High-frequency click-evoked otoacoustic emissions and behavioral thresholds in humans

Abstract
Relationships between click-evoked otoacoustic emissions (CEOAEs) and behavioral thresholds have not been explored above 5kHz due to limitations in CEOAE measurement procedures. New techniques were used to measure behavioral thresholds and CEOAEs up to 16kHz. A long cylindrical tube of 8mm diameter, serving as a reflectionless termination, was used to calibrate audiometric stimuli and design a wideband CEOAE stimulus. A second click was presented 15dB above a probe click level that varied over a 44dB range, and a nonlinear residual procedure extracted a CEOAE from these click responses.

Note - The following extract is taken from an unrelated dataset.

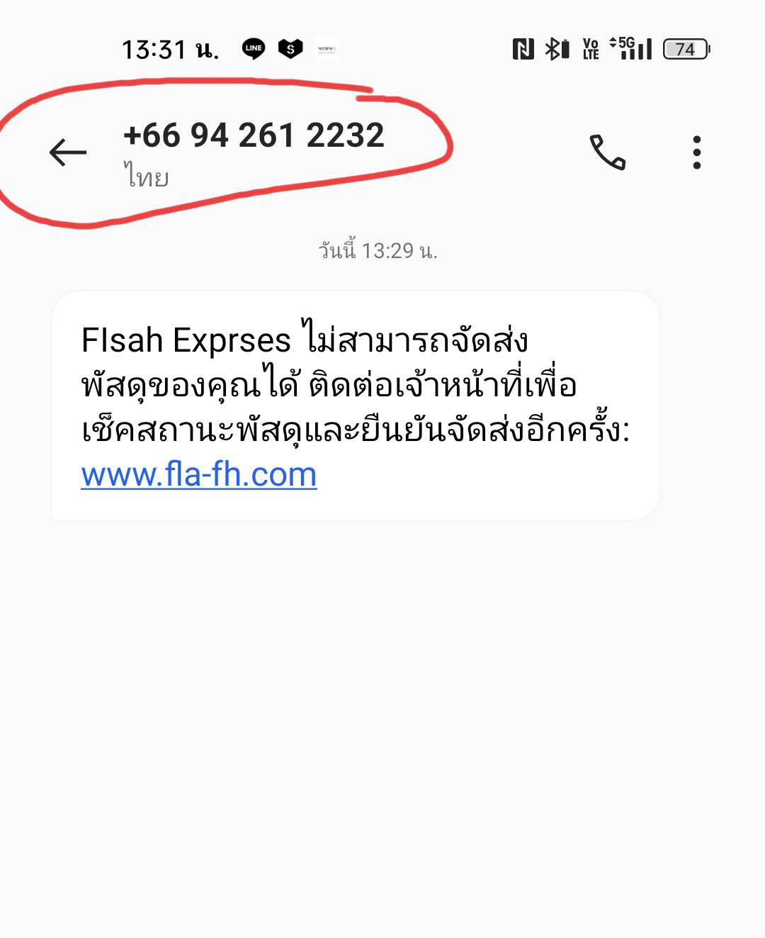 ** สังเกตคำว่า Flash Express มิจจะพิมพ์ตัวอักษรภาษาE.สลับไปสลับมา และมันใช้ฟ้อนท์อักษรเดียวกัน ถ้าไม่สังเกตดีๆจะคิดว่าคือขนส่งแฟลชจริงๆ

In some subjects (age 14–29years) with normal hearing up to 8kHz, CEOAE spectral energy and latency were measured up to 16kHz. Audiometric thresholds were measured using an adaptive yes-no procedure. Comparison of CEOAE and behavioral thresholds suggested a clinical potential of using CEOAEs to screen for high-frequency hearing loss. CEOAE latencies determined from the peak of averaged, filtered temporal envelopes decreased to 1ms with increasing frequency up to 16kHz. Individual CEOAE envelopes included both compressively growing longer-delay components consistent with a coherent-reflection source and linearly or expansively growing shorter-delay components consistent with a distortion source. Envelope delays of both components were approximately invariant with level.